- WHAT THE EXERCISE ASKS -
Would you copy only the lines below, from the one containing "angin 20 km/jam)." through the very last one, leaving the pictures out?

- INFORMATION SHOWN -

□ □ □

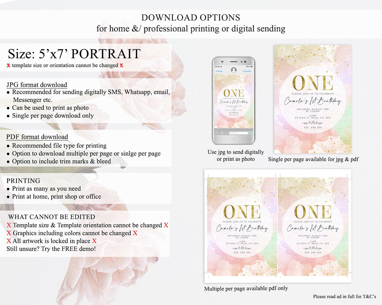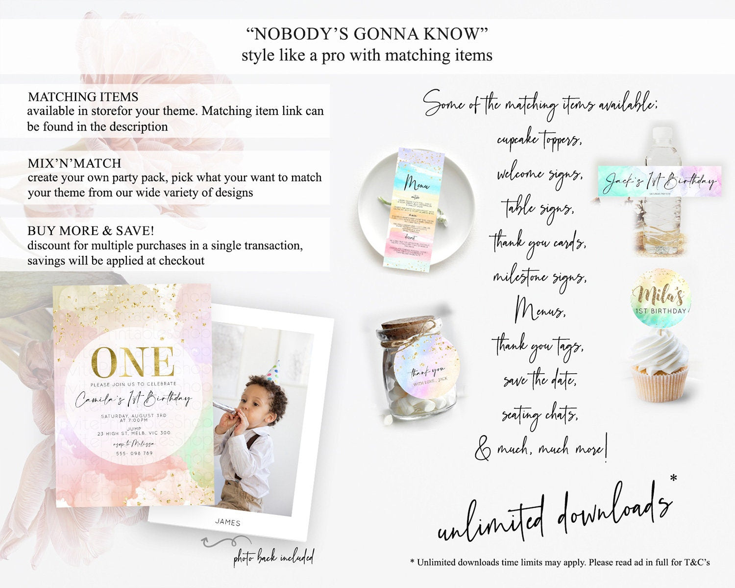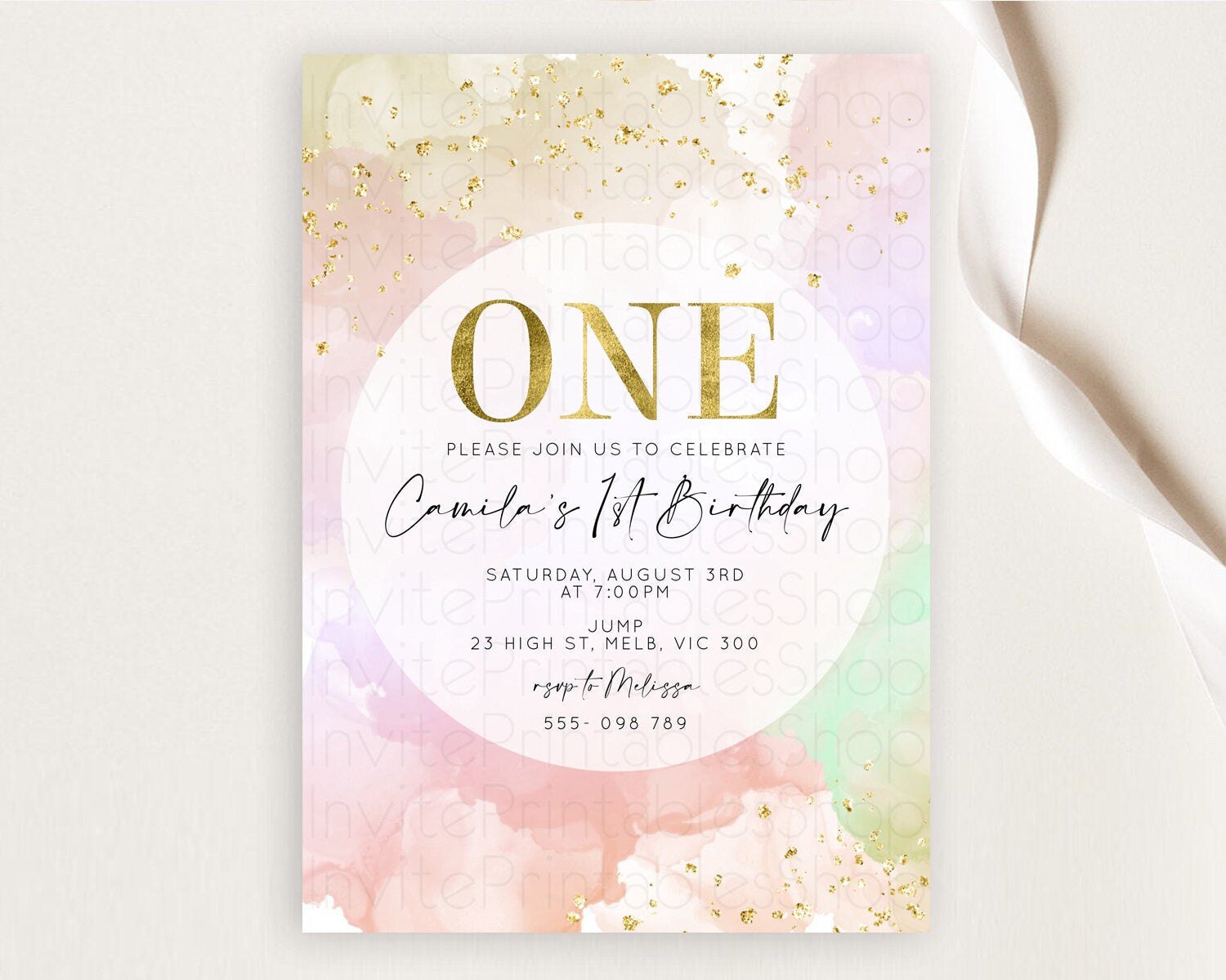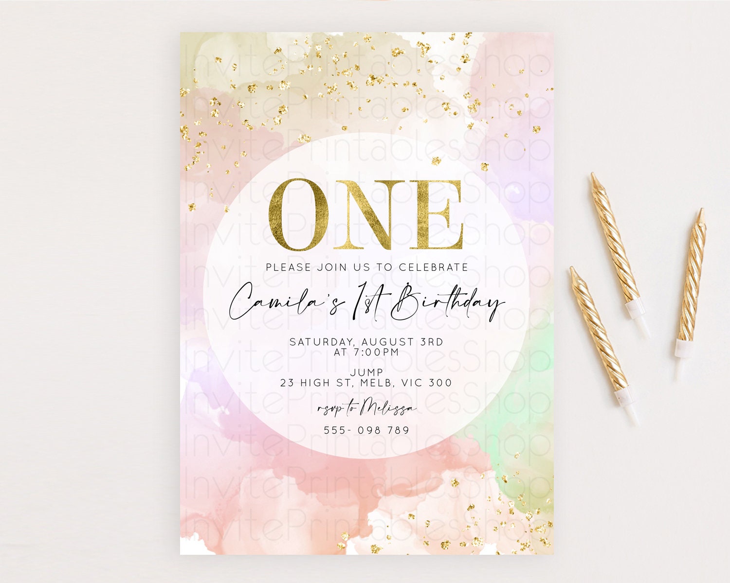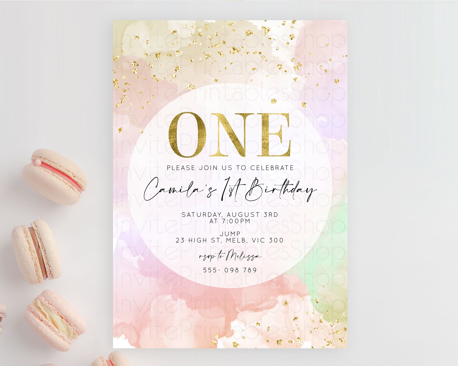 Rainbow Birthday Invitation Colorful Pastel Watercolor Invitation Gold Glitter Sprinkles Ombre Pastel 1st 2nd 3rd Birthday D10627
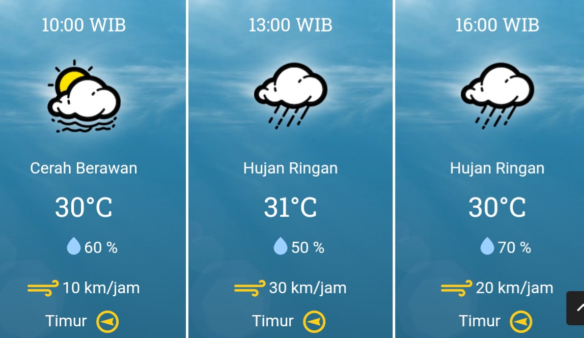 – Pukul 16.00 (hujan ringan, suhu 30°, kelembaban 70%, kecepatan angin 20 km/jam).
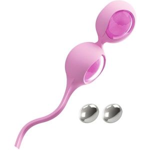 お兄ちゃん!これすごいよ!L1ラブボールズよりちょっと小さくなったんだって!ドイツのレッドどっとでざいん賞ももらったんだって!すっごくきれいなデザインなのに、もっと使いやすくなったんだって!ボールが2つで1組になってるから、重さを選べるからトレーニングが楽しいんだよ!最初は軽いやつから使って、慣れてきたら重いのにチャレンジ!引きしめ効果バッチリだよ!すっごく魅力的なボディが手に入るよ!この商品は6/5に発売だよ!
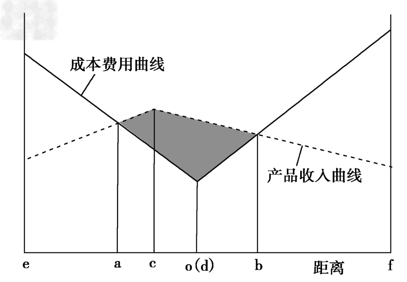 3、单选题 下图是某类工业“收益性空间界限的区位模型”图,企业收益等于企业产品收入减去成本费用。据此回答2题。

□ □ □

- THE ANSWER -
 – Pukul 16.00 (hujan ringan, suhu 30°, kelembaban 70%, kecepatan angin 20 km/jam).
 お兄ちゃん!これすごいよ!L1ラブボールズよりちょっと小さくなったんだって!ドイツのレッドどっとでざいん賞ももらったんだって!すっごくきれいなデザインなのに、もっと使いやすくなったんだって!ボールが2つで1組になってるから、重さを選べるからトレーニングが楽しいんだよ!最初は軽いやつから使って、慣れてきたら重いのにチャレンジ!引きしめ効果バッチリだよ!すっごく魅力的なボディが手に入るよ!この商品は6/5に発売だよ!
 3、单选题 下图是某类工业“收益性空间界限的区位模型”图,企业收益等于企业产品收入减去成本费用。据此回答2题。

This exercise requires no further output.